How Do You Protect Your Database?

I have a webform on my site. It allows people to submit information to my database. At the moment, the webform has no protection.

What kind of security measures should I have in place to protect my database?

Are bad bots the only risk these days?

I use mysql_real_escape_string($_POST['']) to escape special characters, and I use trim($string) to trim whitespace from the beginning and end of every string. Should I be using any other PHP functions to protect my database?

Any advice will be much appreciated.

Hi,
You can check if the input is a string or number.

Regards.

Hello I provide database with full details: name, email, phone, country, Majority are forex datas. Please contact if someone is interested in buying.

Take your time and read this one: http://simon.net.nz/articles/protecting-mysql-sql-injection-attacks-using-php/

SafeNet ProtectDB software delivers powerful database encryption and database protection for the sensitive corporate and customer information stored in databases in the data center and the cloud. With ProtectDB, organizations have the flexibility to encrypt data at multiple levels and during multiple processes. Centralized key management provided with the integrated SafeNet DataSecure solution helps tighten security and simplifies the encryption of data in virtually any number of databases across heterogeneous environments often found in data centers or virtualized environments. Working together, ProtectDB with DataSecure help organizations attain the highest level of security available in a commercial database encryption solution.

There is no such thing as 100% protection.
The best thing you could do is to take a "REGULAR BACKUP" of your database.
If you can do it everyday, then thats good.
So if everything goes wrong. you can just recover it back.

Prevent SQL injections and install recaptcha or similar..

And how do you think reCaptcha will help him to secure database ?

there's softwares that hackes dozens of websites automatically..at least they won't overload the db engin with thousand of useless queries when the captha is on.

Take a look at this also:
http://php.net/manual/en/mysqli.quickstart.prepared-statements.php

first check what is typing, when remove all special characters.

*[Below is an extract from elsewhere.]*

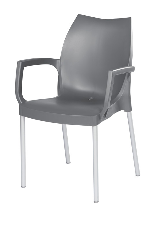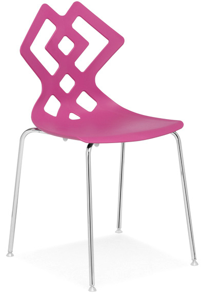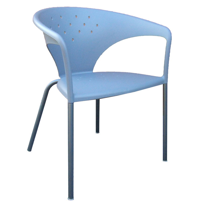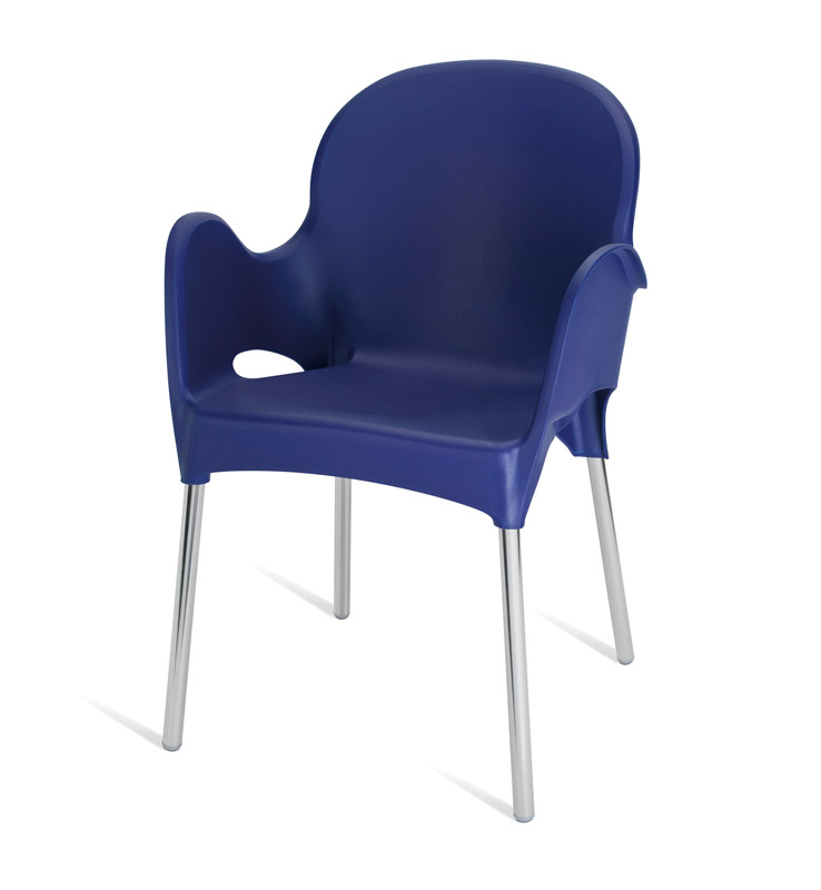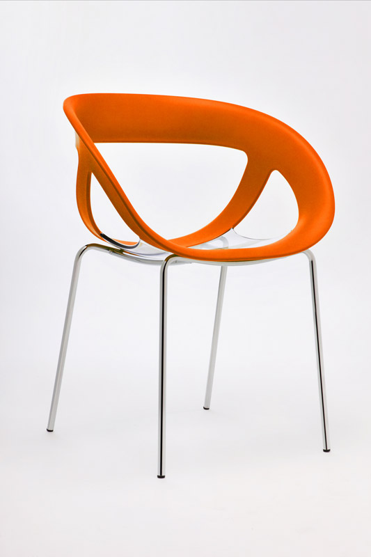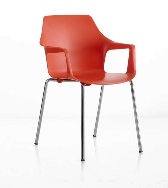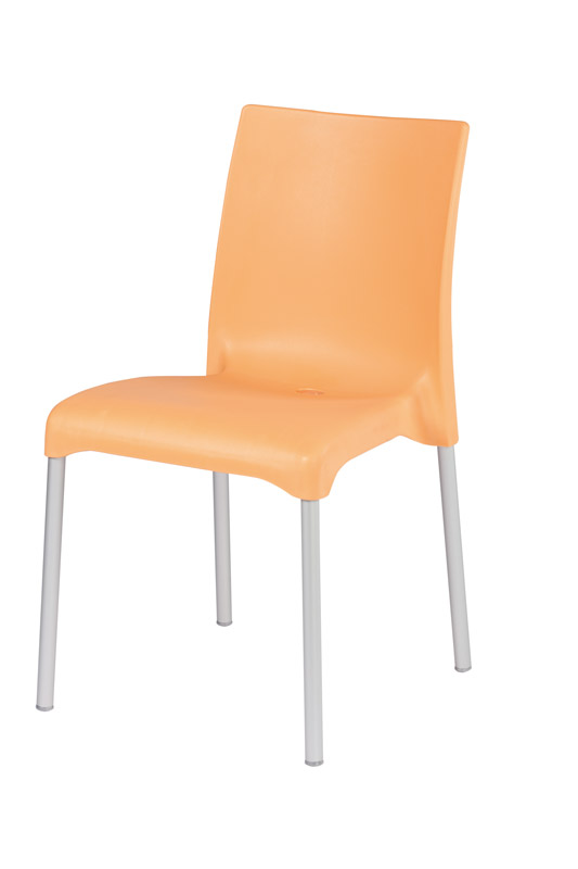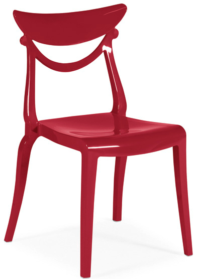 Cadeiras para interior e exterior. Estrutura metálica pintada, polipropileno, policarbonato, cromada ou inox. Assento e/ou costa em polipropileno, tecnopolímero, acrílico ou policarbonato. Disponíveis em várias cores.

I believe mysql_real_escape_string($_POST['']) takes care of most of that

for input when enter text i use this

PHP:

1. preg_replace("/[^a-zA-Z0-9]/","",$_POST['text']);

for number which is integer use this

Code (Text):

1. (int)$_POST['number']

. is a lot of way how to build safe website, use google.

First way to protect your db is to get rid of mysql_ and start using mysqli_ or preferably PDO. With proper, prepared statements.

And of course, sanitize, sanitize, sanitize. Never trust anything a user inputs.

This is not enough. Use papered statements and parametrized queries.

Hey coolrohit222002,

I agree with you, Backup is most impotent when you are working on database so take day by day backup of your database and make it safe because in any case, if your database or data are removed that time your old backup will help you to recover it so as per coolrohit222002, Take "REGULAR BACKUP" of your database and make it safe yourself work.

A good Backup procedure is of course important. I tend to set up a cron job, which can often be done in a web hosting control panel, such as Plesk. Cron is often referred to as "Scheduled Tasks". With cron you can run a mysql_dump on the database, e,g, every hour or 12 hours - the frequency is up to you.

In the same way, it's also possible to get the web server to run a php script to email the backup to you. I get this emailed to my gmail account, and then I use a filter to automatically place the emailed, zipped, backup in a folder within Gmail. Since Gmail gives me 30GB space, it takes a long time to fill up!

Preventing SQL Injection: The important thing to remember is to filter all of the data inputted by the user. So for example, some typical fields you'd want to make sure you filter are:

$_GET['email']
$_GET['firstname']
$_GET['message'] (or their $_POST equivalents)

Here's some PHP code for validating a submitted field:

$message_filtered = filter_var($_GET['message'], FILTER_SANITIZE_STRING);

Filtering will also help prevent Cross-site-scripting XSS threats. Check out this page for more in-depth information about the filtering functions available within PHP:

http://www.w3schools.com/php/filter_sanitize_string.asp

Let me know if I can be of further help.